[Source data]
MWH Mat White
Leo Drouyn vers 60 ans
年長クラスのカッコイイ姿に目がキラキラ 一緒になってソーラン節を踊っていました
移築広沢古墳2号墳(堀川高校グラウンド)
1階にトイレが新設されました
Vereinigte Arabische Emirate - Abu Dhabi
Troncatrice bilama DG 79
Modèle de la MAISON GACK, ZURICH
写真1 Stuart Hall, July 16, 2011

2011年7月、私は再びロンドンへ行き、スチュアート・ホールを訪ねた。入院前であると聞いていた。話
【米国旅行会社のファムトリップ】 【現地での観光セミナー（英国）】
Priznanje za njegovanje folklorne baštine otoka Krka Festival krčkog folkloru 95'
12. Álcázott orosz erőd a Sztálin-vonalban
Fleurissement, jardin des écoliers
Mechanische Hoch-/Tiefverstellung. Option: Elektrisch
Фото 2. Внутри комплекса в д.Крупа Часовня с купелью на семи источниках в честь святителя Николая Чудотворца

* * *

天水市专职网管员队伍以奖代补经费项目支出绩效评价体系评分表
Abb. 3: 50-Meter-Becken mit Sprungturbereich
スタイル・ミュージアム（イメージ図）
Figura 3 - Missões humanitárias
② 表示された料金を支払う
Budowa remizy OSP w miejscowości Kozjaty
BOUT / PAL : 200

### EXERCISE INSTRUCTIONS
With the first line being the one containing "② 表示された料金を支払う" and the last line the one containing "BOUT / PAL : 200", transcribe exactly the lines above that fall in that range.

### SOLUTION TO THE EXERCISE
② 表示された料金を支払う
Budowa remizy OSP w miejscowości Kozjaty
BOUT / PAL : 200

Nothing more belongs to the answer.